Di nuovo, oggi alcune migliaia di datori di lavoro si sono rivolti alle sedi di Cgil, Cisl e Uil per gestire insieme una Cassa integrazione, per sottoscrivere un contratto integrativo, per preannunciare una chiusura causa qualche lentezza della giustizia civile, qualche credito non più esigibile, qualche banca che non eroga più e preferisce scommettere sui bond e sulla finanza piuttosto che sull’economia reale.
Davvero allora i cittadini chiedono al Governo di cambiare i sindacati? Al riguardo la nostra sensazione è negativa, e che invece una vera riforma dei sindacati gli iscritti la chiedano/ pretendano quotidianamente dai loro stessi sindacati col semplice metodo di sottoporre a essi i propri bisogni concreti e di chiedere a essi una risposta altrettanto precisa, seria e concreta. Per questo si ha la netta impressione che il Governo, a corto di populismi, abbia tirato fuori roba vecchia di qualche mese per far credere alla pubblica opinione di aver mantenuto le promesse, di aver proprio “cambiato” qualcosa. In mancanza di altro, in carenza di cose vere, fatte e ottenute, potendo solo vantare annunci, titoli che coprono colonne scarsine di veri contenuti, ci si è lanciati in una mesta polemica tardo estiva.
Ha molta ragione, invece, quel giornalista che, magari un po’ genericamente, ha chiesto al sindacato di cambiare, di riformarsi, di uscire da quelle forme d’immobilismo che ancora ne attanagliano qualche frangia. È il caso di Dario Di Vico, il quale sulle colonne del Corriere si è prodotto in una riflessione sui principali corpi intermedi che ancora vivono nel nostro Paese. Il suo grido è un grido serio e come tale va preso: cambiate se non volete morire, ci ha detto, perché di voi c’è bisogno soprattutto oggi.

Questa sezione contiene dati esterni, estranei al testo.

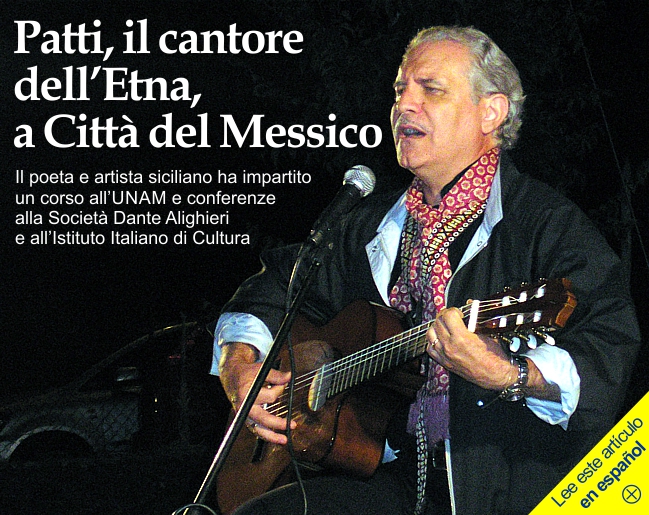 Alfio Patti. 17 dicembre de 2012 - Extraordinario éxito en la ciudad de México para “el cantor del Etna”, Alfio Patti, que contribuyó significativamente al incremento del interés local por la poesía regional italiana. Como Punto d'incontro online ya había anunciado el pasado 11 de octubre, estudiantes de la Universidad Nacional Autónoma de México (UNAM), Departamento de Letras Italianas de la Cátedra Extraordinaria Italo Calvino, siguieron con interés y participación las clases que el escritor, estudioso y apasionado de la poesía siciliana impartió en Ciudad Universitaria —el campus principal de la UNAM— en el contexto de un curso titulado “Allakatalla, cuando la palabra se hace poesía y la poesía canto”.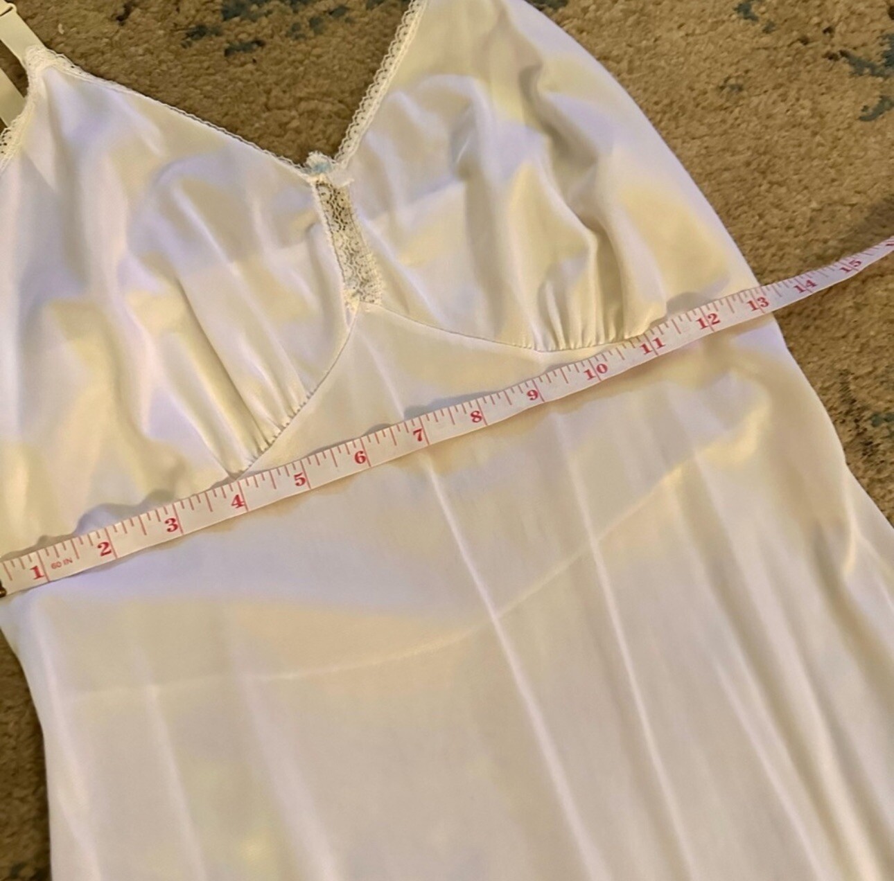 Vintage Nightgown Womens Flower Bud Lace Trim Slip Lingerie Off White Long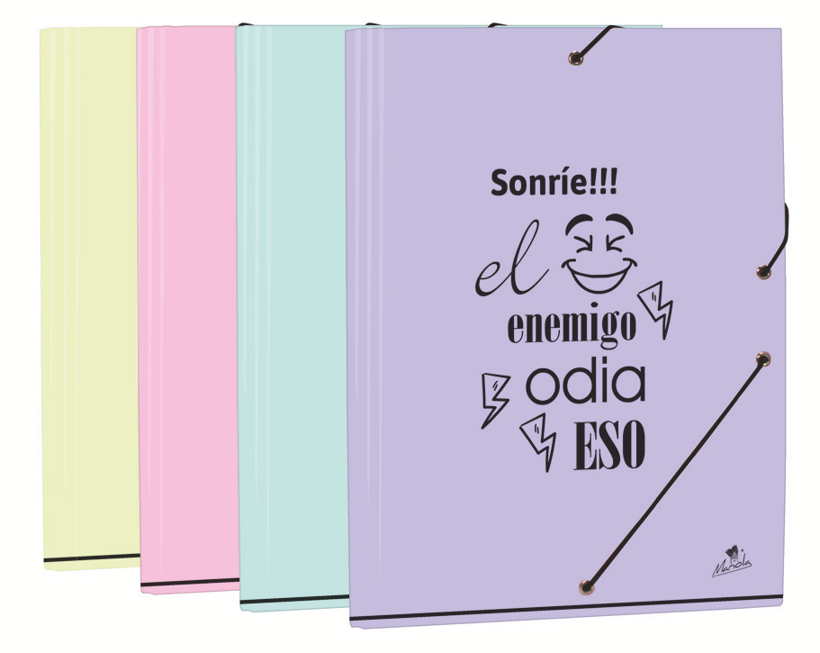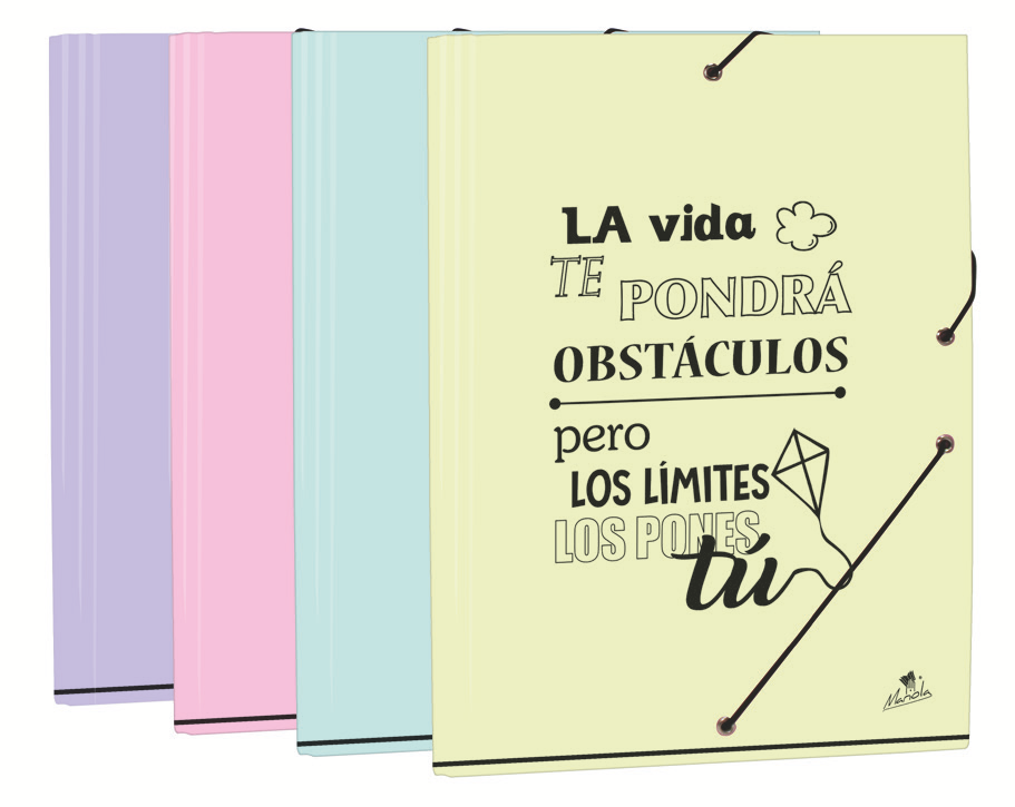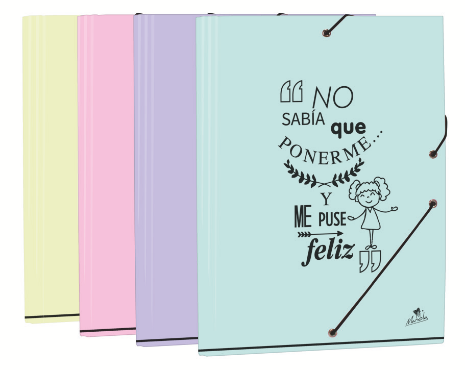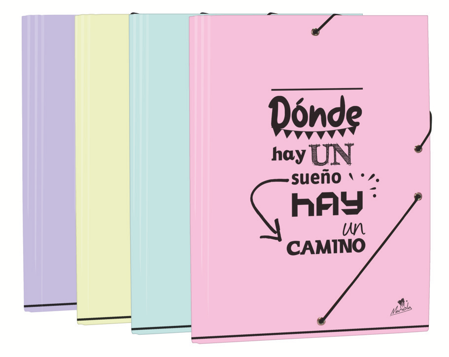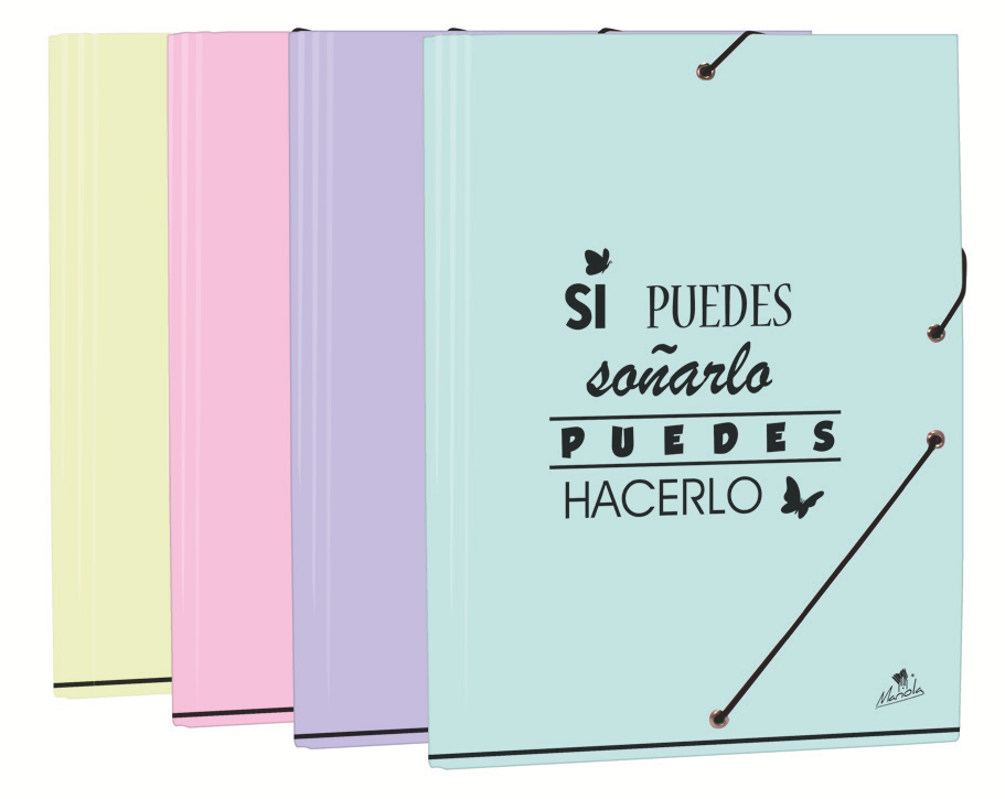 EXPOSITOR 24 CARPETAS GOMA Y SOLAPAS CARTÓN FORRADO EN PAPEL PASTEL PLASTIFICADO MATE CON FRASES

Torniamo invece ancora a quel “ci” del ministro Madia: oggi, come detto, la società civile, e il Corriere della Sera ne rappresenta una bella fetta, non chiede al Governo di cambiare il sindacato, ma chiede una diversa politica sindacale e la chiede al sindacato. Il Governo faccia il Governo: vuol tagliare i distacchi? Bene, ottimo. Vuol inviare a casa degli italiani le dichiarazioni dei redditi precompilate? Ottimo, purché però, aggiungiamo, le stesse siano corrette, gli invii siano tempestivi, i contenuti non obblighino poi i cittadini stessi a farsi comunque la fila! Vuol abolire i patronati contando che tutto venga fatto via internet o direttamente agli sportelli Inps? Benissimo. Purché però alla fine succeda quel che ci (noi cittadini) si augura e non capiti invece come per tante leggi, perfettine in via ideale, del tutto sconclusionate nella realtà, e deleterie per la vita vera e comune. Purché non succeda cioè, come per le politiche di creazione di posti di lavoro, e che a un annuncio (toh! un “annuncio”…), segua un fatto vero e non n’ammuina!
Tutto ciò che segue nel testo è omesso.